WORKING DATA:
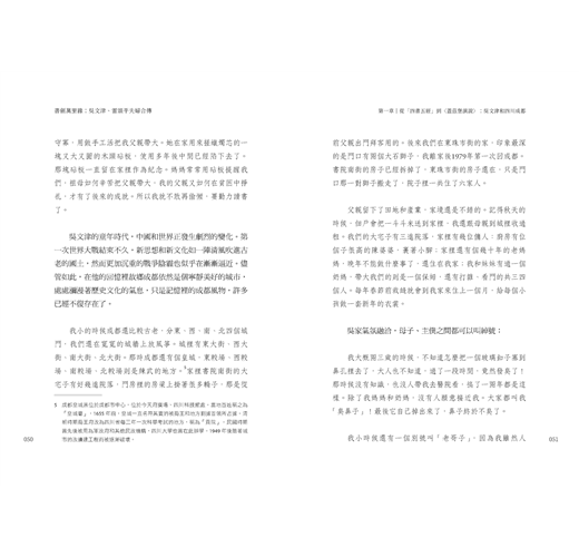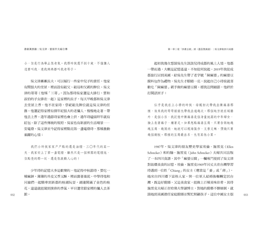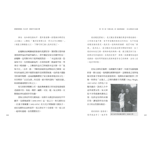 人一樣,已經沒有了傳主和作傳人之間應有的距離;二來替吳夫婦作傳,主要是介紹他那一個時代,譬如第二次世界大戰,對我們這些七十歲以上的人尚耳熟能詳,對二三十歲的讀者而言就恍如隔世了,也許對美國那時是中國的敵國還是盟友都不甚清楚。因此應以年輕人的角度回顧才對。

---

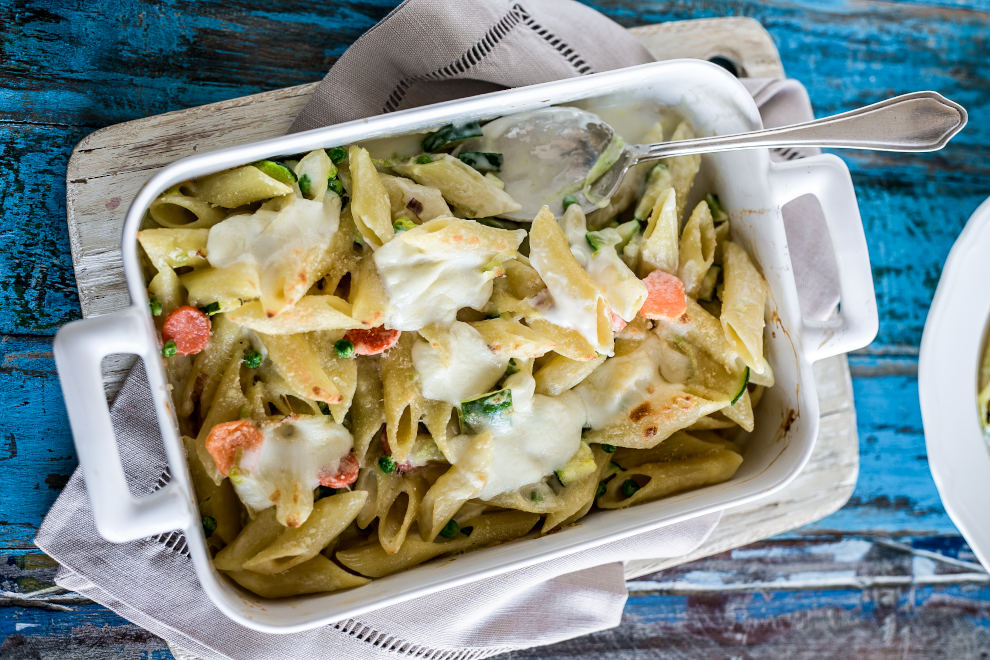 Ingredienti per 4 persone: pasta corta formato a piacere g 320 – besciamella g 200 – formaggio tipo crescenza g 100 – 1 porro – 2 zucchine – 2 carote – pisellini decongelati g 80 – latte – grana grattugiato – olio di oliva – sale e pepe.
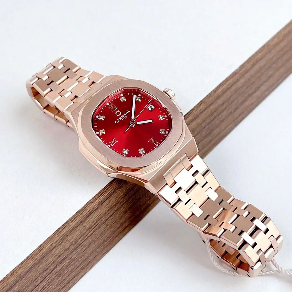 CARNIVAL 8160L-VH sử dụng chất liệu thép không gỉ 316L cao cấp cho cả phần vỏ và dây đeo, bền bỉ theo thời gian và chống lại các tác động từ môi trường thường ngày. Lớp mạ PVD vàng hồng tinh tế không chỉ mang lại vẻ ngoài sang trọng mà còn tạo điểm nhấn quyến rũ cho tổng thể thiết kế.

---

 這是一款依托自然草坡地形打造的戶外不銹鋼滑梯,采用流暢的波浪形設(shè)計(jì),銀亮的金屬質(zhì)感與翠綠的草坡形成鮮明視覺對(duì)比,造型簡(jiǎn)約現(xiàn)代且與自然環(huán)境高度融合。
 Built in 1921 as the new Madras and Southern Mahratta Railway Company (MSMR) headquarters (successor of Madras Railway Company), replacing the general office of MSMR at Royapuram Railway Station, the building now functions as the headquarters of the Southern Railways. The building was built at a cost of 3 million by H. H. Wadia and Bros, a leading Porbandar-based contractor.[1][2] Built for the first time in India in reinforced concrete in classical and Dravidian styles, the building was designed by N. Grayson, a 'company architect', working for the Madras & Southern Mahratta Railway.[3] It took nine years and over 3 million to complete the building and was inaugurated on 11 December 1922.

WHAT YOU HAVE TO DO: Scan the records above for the lines holding "這是一款依托自然草坡地形打造" and "Built in 1921". Transcribe those two and every line between them word for word, and no others.

SOLUTION TO THIS TASK:
 這是一款依托自然草坡地形打造的戶外不銹鋼滑梯,采用流暢的波浪形設(shè)計(jì),銀亮的金屬質(zhì)感與翠綠的草坡形成鮮明視覺對(duì)比,造型簡(jiǎn)約現(xiàn)代且與自然環(huán)境高度融合。
 Built in 1921 as the new Madras and Southern Mahratta Railway Company (MSMR) headquarters (successor of Madras Railway Company), replacing the general office of MSMR at Royapuram Railway Station, the building now functions as the headquarters of the Southern Railways. The building was built at a cost of 3 million by H. H. Wadia and Bros, a leading Porbandar-based contractor.[1][2] Built for the first time in India in reinforced concrete in classical and Dravidian styles, the building was designed by N. Grayson, a 'company architect', working for the Madras & Southern Mahratta Railway.[3] It took nine years and over 3 million to complete the building and was inaugurated on 11 December 1922.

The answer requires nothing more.